Items from a dataset »
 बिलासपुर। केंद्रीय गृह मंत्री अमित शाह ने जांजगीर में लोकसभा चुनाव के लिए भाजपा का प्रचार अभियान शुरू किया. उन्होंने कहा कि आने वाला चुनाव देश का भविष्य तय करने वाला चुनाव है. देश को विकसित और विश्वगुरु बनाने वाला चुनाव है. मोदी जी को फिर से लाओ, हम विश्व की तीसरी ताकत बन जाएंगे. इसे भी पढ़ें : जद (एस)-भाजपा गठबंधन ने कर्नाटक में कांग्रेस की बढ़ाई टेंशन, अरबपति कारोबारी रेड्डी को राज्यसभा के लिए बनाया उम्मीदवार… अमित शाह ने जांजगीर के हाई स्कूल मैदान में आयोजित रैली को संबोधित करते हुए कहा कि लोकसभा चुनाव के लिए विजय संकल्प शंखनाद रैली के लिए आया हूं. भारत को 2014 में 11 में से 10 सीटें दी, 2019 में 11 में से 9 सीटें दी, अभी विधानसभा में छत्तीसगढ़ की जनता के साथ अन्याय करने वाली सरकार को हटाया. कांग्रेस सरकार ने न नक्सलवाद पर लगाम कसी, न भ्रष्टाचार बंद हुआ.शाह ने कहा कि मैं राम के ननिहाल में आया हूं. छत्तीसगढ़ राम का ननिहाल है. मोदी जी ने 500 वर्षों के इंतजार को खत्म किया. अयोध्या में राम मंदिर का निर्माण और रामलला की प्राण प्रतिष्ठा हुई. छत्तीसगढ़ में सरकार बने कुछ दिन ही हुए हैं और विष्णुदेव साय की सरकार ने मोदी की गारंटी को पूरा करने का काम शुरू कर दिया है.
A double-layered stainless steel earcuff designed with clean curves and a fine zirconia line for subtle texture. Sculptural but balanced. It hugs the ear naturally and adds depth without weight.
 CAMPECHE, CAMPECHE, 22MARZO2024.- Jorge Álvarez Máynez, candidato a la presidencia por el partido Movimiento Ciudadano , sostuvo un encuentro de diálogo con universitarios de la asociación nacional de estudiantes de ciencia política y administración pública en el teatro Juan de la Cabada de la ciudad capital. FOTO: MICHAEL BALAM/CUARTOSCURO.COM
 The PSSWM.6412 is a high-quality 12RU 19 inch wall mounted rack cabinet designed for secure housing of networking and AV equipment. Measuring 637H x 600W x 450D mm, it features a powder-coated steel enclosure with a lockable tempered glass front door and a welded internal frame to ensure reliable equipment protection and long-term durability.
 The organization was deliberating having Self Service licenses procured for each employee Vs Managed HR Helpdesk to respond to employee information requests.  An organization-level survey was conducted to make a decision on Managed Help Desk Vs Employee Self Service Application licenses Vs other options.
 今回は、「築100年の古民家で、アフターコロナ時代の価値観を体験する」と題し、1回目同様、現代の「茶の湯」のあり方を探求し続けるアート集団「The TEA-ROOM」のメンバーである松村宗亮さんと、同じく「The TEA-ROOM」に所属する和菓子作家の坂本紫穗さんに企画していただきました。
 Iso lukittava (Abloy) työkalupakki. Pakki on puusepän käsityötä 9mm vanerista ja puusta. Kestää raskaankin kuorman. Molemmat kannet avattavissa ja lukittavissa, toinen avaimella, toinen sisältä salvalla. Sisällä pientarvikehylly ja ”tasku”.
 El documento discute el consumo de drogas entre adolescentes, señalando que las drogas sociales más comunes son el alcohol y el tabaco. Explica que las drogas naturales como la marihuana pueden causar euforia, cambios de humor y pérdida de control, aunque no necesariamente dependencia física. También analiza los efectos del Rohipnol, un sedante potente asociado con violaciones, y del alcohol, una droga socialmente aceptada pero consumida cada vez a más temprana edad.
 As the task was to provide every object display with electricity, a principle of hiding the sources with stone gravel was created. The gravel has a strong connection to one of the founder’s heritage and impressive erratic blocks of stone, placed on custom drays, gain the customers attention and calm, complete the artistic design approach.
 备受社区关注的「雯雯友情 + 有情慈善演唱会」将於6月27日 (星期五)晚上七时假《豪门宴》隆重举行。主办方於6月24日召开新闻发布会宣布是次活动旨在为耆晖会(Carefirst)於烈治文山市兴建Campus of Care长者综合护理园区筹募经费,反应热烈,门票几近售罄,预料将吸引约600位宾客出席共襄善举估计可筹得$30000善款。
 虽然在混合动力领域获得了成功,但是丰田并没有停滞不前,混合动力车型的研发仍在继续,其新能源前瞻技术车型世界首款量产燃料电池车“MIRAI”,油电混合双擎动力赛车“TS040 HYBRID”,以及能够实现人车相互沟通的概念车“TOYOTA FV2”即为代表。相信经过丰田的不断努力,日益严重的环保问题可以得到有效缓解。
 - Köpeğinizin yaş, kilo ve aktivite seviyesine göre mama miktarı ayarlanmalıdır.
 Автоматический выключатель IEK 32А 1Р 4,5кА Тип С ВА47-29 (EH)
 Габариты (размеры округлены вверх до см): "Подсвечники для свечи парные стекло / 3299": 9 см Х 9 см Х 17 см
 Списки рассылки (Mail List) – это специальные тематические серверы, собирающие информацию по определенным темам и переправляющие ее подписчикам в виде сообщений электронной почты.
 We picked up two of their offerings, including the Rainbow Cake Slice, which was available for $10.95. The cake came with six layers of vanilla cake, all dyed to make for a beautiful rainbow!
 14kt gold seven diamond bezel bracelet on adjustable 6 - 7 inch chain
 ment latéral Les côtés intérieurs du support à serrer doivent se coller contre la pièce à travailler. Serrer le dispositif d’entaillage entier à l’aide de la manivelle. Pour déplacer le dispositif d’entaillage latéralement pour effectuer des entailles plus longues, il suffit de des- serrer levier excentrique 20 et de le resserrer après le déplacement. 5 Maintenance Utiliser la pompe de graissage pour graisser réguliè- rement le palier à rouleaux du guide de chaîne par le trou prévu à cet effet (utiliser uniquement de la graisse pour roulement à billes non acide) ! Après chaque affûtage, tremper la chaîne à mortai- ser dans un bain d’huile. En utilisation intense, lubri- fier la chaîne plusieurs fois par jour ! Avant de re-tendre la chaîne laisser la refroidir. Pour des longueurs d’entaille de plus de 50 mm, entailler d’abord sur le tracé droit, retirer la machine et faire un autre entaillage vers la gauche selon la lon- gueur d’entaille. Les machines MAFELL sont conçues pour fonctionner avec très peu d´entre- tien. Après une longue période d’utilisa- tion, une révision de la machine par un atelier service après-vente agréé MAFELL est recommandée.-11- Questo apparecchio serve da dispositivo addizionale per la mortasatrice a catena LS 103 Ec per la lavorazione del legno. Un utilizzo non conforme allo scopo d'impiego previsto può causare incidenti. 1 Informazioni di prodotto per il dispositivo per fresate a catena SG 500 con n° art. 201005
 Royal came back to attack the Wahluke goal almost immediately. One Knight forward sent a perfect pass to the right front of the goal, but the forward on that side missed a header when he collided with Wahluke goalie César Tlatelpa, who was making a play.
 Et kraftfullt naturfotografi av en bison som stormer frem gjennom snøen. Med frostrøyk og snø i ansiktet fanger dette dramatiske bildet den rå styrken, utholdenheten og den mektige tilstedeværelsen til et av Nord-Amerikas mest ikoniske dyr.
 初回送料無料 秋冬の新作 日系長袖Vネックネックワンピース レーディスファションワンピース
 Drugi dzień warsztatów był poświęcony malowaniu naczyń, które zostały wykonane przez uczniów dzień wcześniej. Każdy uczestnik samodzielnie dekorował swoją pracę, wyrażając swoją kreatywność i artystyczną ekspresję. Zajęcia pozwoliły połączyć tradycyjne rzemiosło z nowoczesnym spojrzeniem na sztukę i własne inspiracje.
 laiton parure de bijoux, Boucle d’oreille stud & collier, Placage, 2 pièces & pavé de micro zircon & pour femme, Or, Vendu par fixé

TASK REQUIREMENTS » In the records above, find each line with the word "came" and copy it out.

TASK RESULT »
 We picked up two of their offerings, including the Rainbow Cake Slice, which was available for $10.95. The cake came with six layers of vanilla cake, all dyed to make for a beautiful rainbow!
 Royal came back to attack the Wahluke goal almost immediately. One Knight forward sent a perfect pass to the right front of the goal, but the forward on that side missed a header when he collided with Wahluke goalie César Tlatelpa, who was making a play.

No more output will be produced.